Find ##x[n] \ast h[n]## when ##x[n] = 3 u[2-n]## and ##h[n] = 4\left( \frac{1}{2} \right)^{n+2}u[n+4]## where ##u[n-k]## is the unit step function.

## Homework Equations

None really

## The Attempt at a Solution

So I know this is probably simple but I am confused.

So the convolution is written as,

[tex]\sum_{k=-\infty}^{\infty} 4\left( \frac{1}{2} \right)^{k+2}u[k+4](3)u[2-n+k][/tex]

This simplifies to,

[tex]3\sum_{k=-\infty}^{\infty} \left( \frac{1}{2} \right)^{k}u[k+4]u[2-n+k][/tex]

The first step function of ##u[k+4]## means that the terms in the sum corresponding to ## k < -4 ## are zero, therefore this becomes the bottom limit.

[tex]3\sum_{k=-4}^{\infty} \left( \frac{1}{2} \right)^{k}u[2-n+k][/tex]

This form is confusing to me.

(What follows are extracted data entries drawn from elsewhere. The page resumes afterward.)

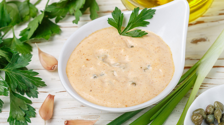If you've traveled to the Big Easy or call it home, you are probably no stranger to remoulade. The flavor-packed sauce has it all going on, from its creamy mayonnaise base to its mustardy pop and salty caper twist. It's a beloved sauce that often accompanies seafood po' boys, fried fish, or seafood dishes as a whole — including crab legs.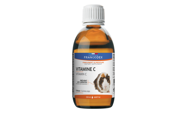 Spécificité du cochon d’Inde : il ne synthétise pas la vitamine C. Celle-ci doit donc être apportée en quantité suffisante chaque jour dans l’eau de boisson ou l’alimentation. Une carence peut se traduire par des difficultés à se déplacer, voire un arrière-train paralysé, des problèmes de dentition, de pelage… La dose quotidienne recommandée en vitamine C pour un cochon d’inde est de 20 mg par kilo.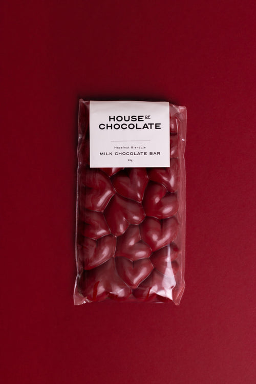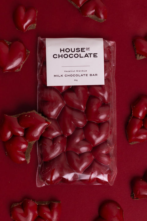 Indulge in the Love Heart chocolate bar. Handcrafted with creamy hazelnut praline gianduja blended with smooth 37% cacao couverture milk chocolate. Shelled in a lots of love mould, finished with red cocoa butter.

I don't see an obvious limit on k except for that its LOWER limit is ##n-2##. What I tried to do is do some change of variables, such as ##k'=2-n+k##, this changes the lower limit to -2-n and the upper limit to infinity. So I have...

[tex]3\sum_{k'=-2-n}^{\infty} \left( \frac{1}{2} \right)^{k'-2+n}u[k'][/tex]

So this means that ##k'## must be larger than zero, which means ## n < -2##. So in this regime, the step function is 1 and I get..

[tex]3\sum_{k'=0}^{\infty} \left( \frac{1}{2} \right)^{k'-2+n}=3\left( \frac{1}{2} \right)^{n-1}[/tex]

Am I doing this correctly? I am just not sure. Thank you in advance for anyone that takes the time to read this!